Introduced on 9 July 2013, the "New" First Class is offered on refitted Boeing 777-300ERs. Features include a 24-inch in-flight entertainment screen with video-touch screen handsets, arranged in a 1-2-1 configuration, adjustable in-seat lighting, and passenger control unit, inside a fixed-shell cabin with a 35 in (89 cm) wide seat, foldable into an 80 in (203 cm) bed.
The "Other" First Class is offered only on Boeing 777-300 aircraft. Designed by James Park Associates, it features a 35 in (89 cm)-wide seat upholstered with leather and mahogany and a 23 in (58 cm) LCD screen. The seats fold out into a flat bed and are also arranged in a 1-2-1 configuration.
Business Class was known as Raffles Class until 2006. The latest version of the Business Class, the "New" Business Class, was unveiled on 9 July 2013 and is available on refitted Boeing B777-300ERs and the Airbus A350-900. Features include power socket and ports all in one panel, stowage beside the seat, two new seating positions, arranged in a 1-2-1 configuration and an 18-inch in-flight entertainment screen. The seat has a recline of 132 degrees and can be folded into a 78 in (198.1 cm) length bed.
Long Haul Business Class is available on Airbus A380 and refitted Boeing 777-200ER aircraft, where a fully flat bed is available in a 1-2-1 configuration featuring 30 in (76 cm) of seat width. These seats are forward-facing, in contrast to the herring-bone configuration used by several other airlines offering flat beds in business class. The leather seats feature a 15.4 in (39.1 cm) diagonal screen-size personal television, in-seat power supply and two USB ports. The product was voted the world's best business class by Skytrax in 2011.
On eight Airbus A380 aircraft, the first of which entered service in October 2011, Singapore Airlines dedicated the entire upper deck to the Business class cabin, unlike the original configuration's upper deck shared by 16 rows of business class and 11 rows of economy at the rear.
Medium and Short Haul Business Class is available on all Airbus A330-300, Boeing 777-300 and all unrefitted Boeing 777-200 aircraft, configured in 2-2-2 layout and with iPod connectivity, only available in the A330. The Business Class seat is lie-flat at an eight-degree incline, featuring Krisworld on a 15.4 inch screen.
On 28 March 2018, the new regional Business Class was unveiled following the delivery of the first Boeing 787-10. These new seats manufactured by Stelia Aerospace are arranged in a forward-facing 1-2-1 staggered configuration, providing every passenger direct aisle access. Each seat measures up to 26 in (66.0 cm) in width and can be reclined into a 76 in (193.0 cm) fully-flat bed. There are also adjustable dividers at the centre seats to provide passengers with a "customised level of privacy".

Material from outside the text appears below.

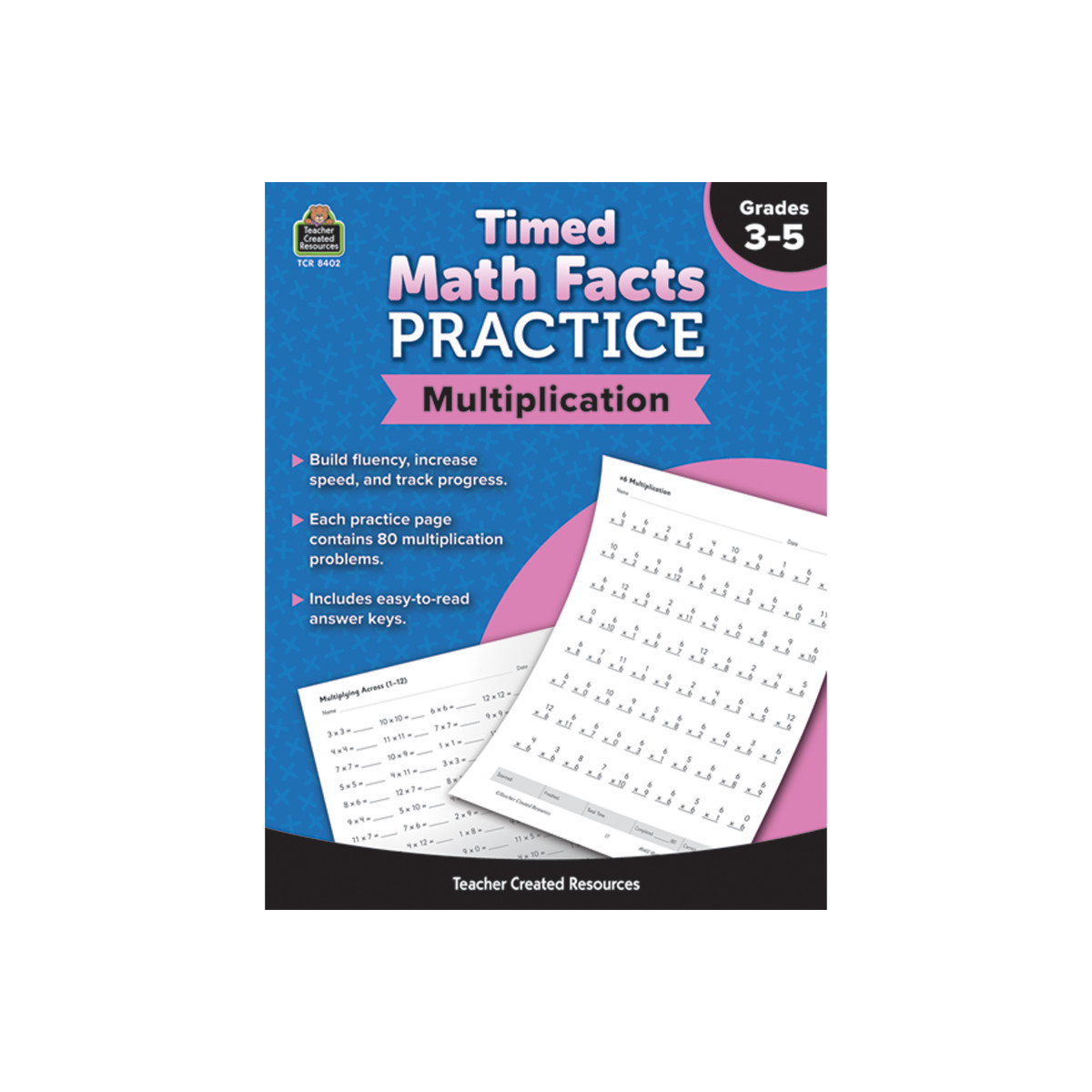 Build fluency, increase speed, and track progress with this timed math facts practice. This book will help students gain fluency, flexibility, confidence, and speed in solving multiplication problems, and each unique page offers another opportunity to practice and improve. Tracking sheets make monitoring progress easy, and easy-to-check answer keys are included for every practice page. 64 pages.
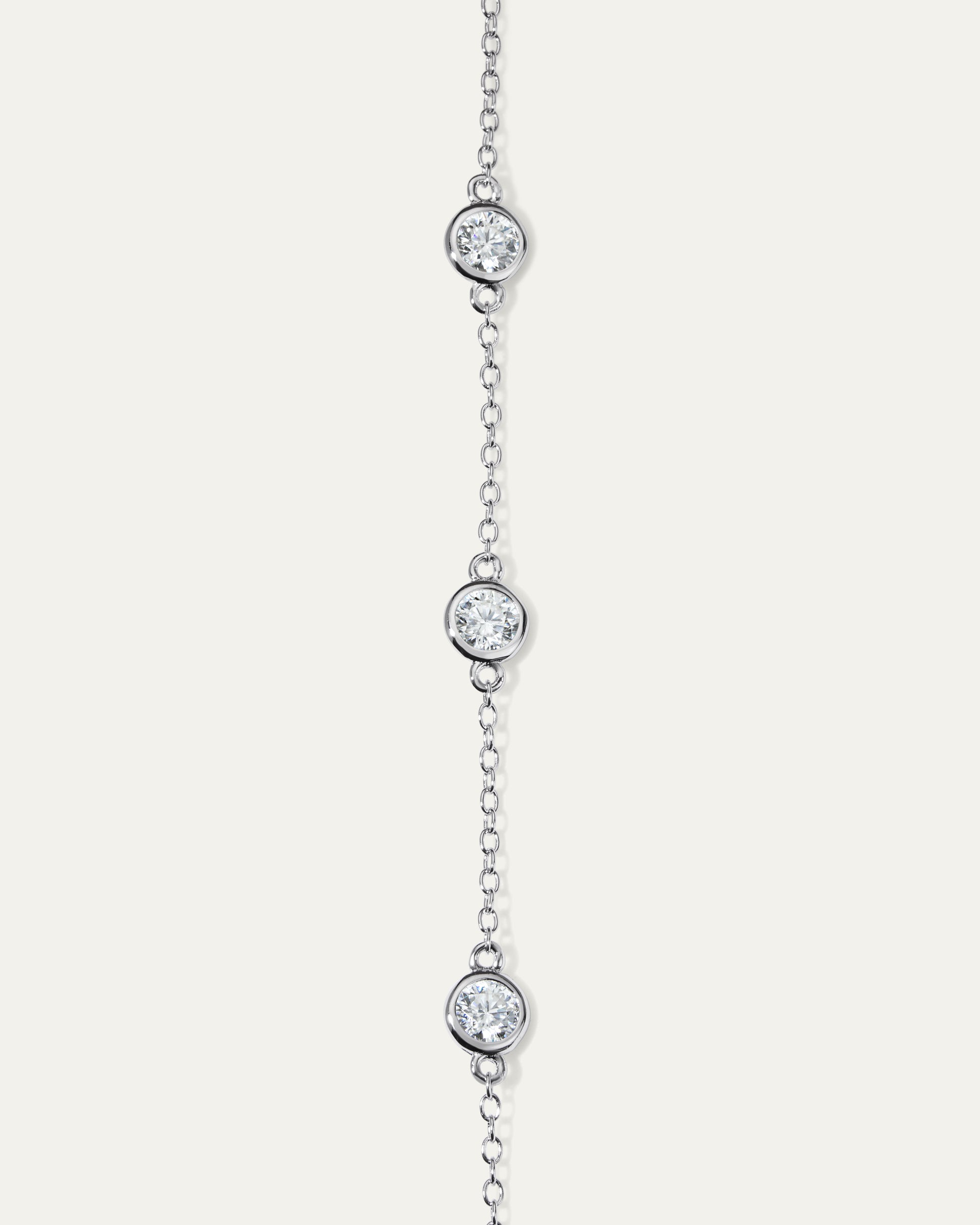 A modern classic, the Charlotte Bezel Station Bracelet features delicately set round stones spaced along a fine, luminous chain. Each bezel-set stone catches the light with effortless sparkle, creating a look that’s refined, timeless, and perfect for everyday wear or subtle layering.

Unveiled on 2 November 2017, the "New A380 Business class" seats are being progressively rolled out on the Airbus A380-800 fleet. There are 78 Business class seats on the aircraft, offered in a 1-2-1 configuration behind the Singapore Airlines Suites on the upper deck. The seats, designed by JPA Design and upholstered with Poltrona Frau grain leather, can be reclined into a fully-flat bed. There are also adjustable dividers between the centre seats that can either be fully raised, half raised or fully lowered. The pair of centre seats directly behind each bulkhead, when the centre divider is fully lowered, can form double beds. There is also an 18-inch (46 cm) touchscreen LCD TV and a panel containing a power and USB port, as well as an NFC Reader for contactless payments.
Premium Economy class
On 9 August 2015, Singapore Airlines introduced an all-new premium economy class, with the seats manufactured by ZIM Flugsitz, to be installed on its Airbus A380, B777-300ER and Airbus A350-900 aircraft. The product was first flown from Singapore to Sydney, Hong Kong and Auckland and has been rolled out to other routes. Premium Economy seats have a 38-inch pitch (compared to a 32-inch pitch in standard economy), at 18.5-19.5 inches wide with an 8-inch recline. They also feature a 13.3-inch high-definition touchscreen LCD monitor and a Book-the-Cook Service.
The latest redesign of the economy class seat was unveiled on 9 July 2013 alongside new first and business class products. Features include 32 inches of legroom, slimmer seats, an adjustable headrest, and an 11.1-inch touch-screen inflight entertainment system which is also controllable with a video touch-screen handset as well as brand new KrisWorld software. The new seats were originally announced to only be available exclusively onboard factory-fresh Airbus A350-900 and refitted Boeing 777-300ER.
The previous generation economy class seats unrefitted Airbus A380-800, and Airbus A330-300 are 19 in (48 cm) wide, have in-seat power and have a 10.6-inch personal television screen which has a non-intrusive reading light under it, which can be used by folding the screen outwards. These are configured 3-4-3 on the lower deck of the Airbus A380, 3-3-3 on the Boeing 777, and 2-4-2 on the Airbus A330, as well as the upper deck of the Airbus A380. Other features include an independent cup-holder (separate from the fold-out table), a USB port, and a power socket, as well as an iPod port exclusively on board the Airbus A330.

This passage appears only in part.